World War II was an era of weapon development when things like general-purpose machine guns, automatic rifles, and the adoption of autoloading rifles came into existence. What else could trigger humanity’s creativity than the desire to kill one another was perhaps one of the messages that this historical event teaches us. One of the weapons developed during this time was the US Army’s M1 Carbine which would turn out to be one of the most charming weapons of the time. Thus, it was no surprise that it has copycats, like German’s Erma EM1.

M1 Carbine

Usually, the term carbine implies that the weapon is a shorter variant of a standard rifle, but not for the M1 Carbine. The short and light semi-automatic rifle had its design and was not a smaller version of any other rifle. It has a .30 Carbine cartridge with a box magazine that holds 15 rounds. David Marshall Williams designed its short-stroke gas piston system and started designing guns while serving in prison for murder charges. Winchester Repeating Arms Company, a prominent American manufacturer of repeating firearms and ammunition, developed the rifle and cartridge. In 1941, the US Army adopted the design.

81 mm mortar crew in action at Camp Carson, Colorado, April 24, 1943. The soldier on the left has a slung M1 carbine. [Source: Wikimedia Commons]
At that time, the primary battle rifle used by the US was the M1 Garand, capable of firing the powerful .30-06 cartridge. M1 Carbine came out as an oddball because it was not a battle rifle cartridge, not a pistol cartridge, but something in between. As reports noted, “It offered more range and velocity than the Thomspon or M3 but couldn’t keep up with the range and power of the famed M1 Garand.”
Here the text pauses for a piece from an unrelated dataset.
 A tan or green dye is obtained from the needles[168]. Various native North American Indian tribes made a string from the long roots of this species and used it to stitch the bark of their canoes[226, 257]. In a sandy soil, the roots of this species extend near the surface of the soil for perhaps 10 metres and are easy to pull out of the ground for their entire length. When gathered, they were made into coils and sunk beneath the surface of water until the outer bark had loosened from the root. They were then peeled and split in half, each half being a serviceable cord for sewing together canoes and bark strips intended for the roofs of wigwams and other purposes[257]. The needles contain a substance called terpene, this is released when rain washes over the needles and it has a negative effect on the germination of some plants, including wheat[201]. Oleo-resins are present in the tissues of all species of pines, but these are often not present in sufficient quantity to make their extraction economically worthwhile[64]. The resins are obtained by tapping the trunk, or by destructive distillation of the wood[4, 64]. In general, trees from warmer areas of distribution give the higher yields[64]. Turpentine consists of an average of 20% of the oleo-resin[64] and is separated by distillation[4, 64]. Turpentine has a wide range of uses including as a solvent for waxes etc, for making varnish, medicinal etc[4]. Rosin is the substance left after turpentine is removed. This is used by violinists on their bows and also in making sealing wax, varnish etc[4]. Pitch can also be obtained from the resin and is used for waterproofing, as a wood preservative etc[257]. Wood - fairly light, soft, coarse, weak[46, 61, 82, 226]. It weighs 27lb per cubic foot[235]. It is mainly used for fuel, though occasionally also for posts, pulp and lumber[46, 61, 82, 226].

Even so, many of the troops fell in love with it because it was light and handy, and engagements during World War II were usually 300 yards or less, so the 500-yard range of the .30-06 was not that necessary. It was also accurate and easier to handle during those close-quarter combats than the M1 Garand, which was bigger and had a heavy recoil. And so, the M1 Carbine became a standard infantry firearm used by bazooka wielders, machine-gun teams, paratroopers, and radiomen.

Erma Werke

When Germany was defeated in 1945, the Allied forces— the United States, Great Britain, France, and the Soviet Union— divided Germany into the country into four occupation zones to make it easier to manage what would be known as Allied-occupied Germany, as ratified at the Potsdam Conference.

The Erfurter Maschinenfabrik (ERMA) was a German weapons manufacturer that supplied arms for the German forces during World War II. After Germany’s surrender, one of the orders of the Allied Forces was that all of the German weapons manufacturing facilities were to be closed, at least those that survived the bombing. ERMA was one of them. It was under the Soviet Zone and was liquidated in August 1948.
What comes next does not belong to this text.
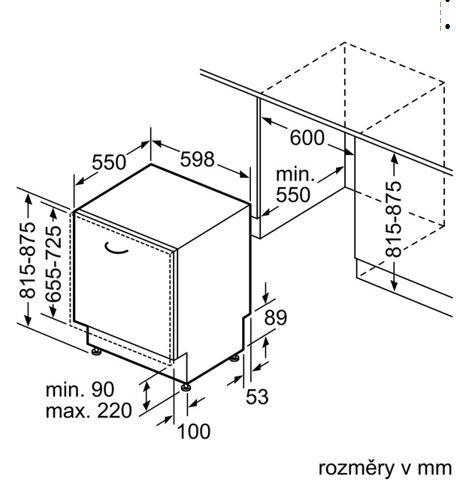 • Rozměry pro vestavbu: 81,5–87,5×60×55 cm (VxŠxH)

After a year, it was reestablished under the ERMA-Werke brand in Bavaria, and in 1952, the company moved to Dachau. Initially, they were selling household appliances until 1952, when they were awarded by the government of West Germany a contract to service and produce parts for different weapons of the Allied forces that had been supplied to the German police officers, the M1 carbines to be specific.

Erma EM1

Training rifles in .22 rimfire caliber were standard in Europe. The training rifles and ammunition were less expensive to produce and helped recruits familiarize themselves with weapons. The large number of US carbines given to the West Germans increased the need for a similar training rifle.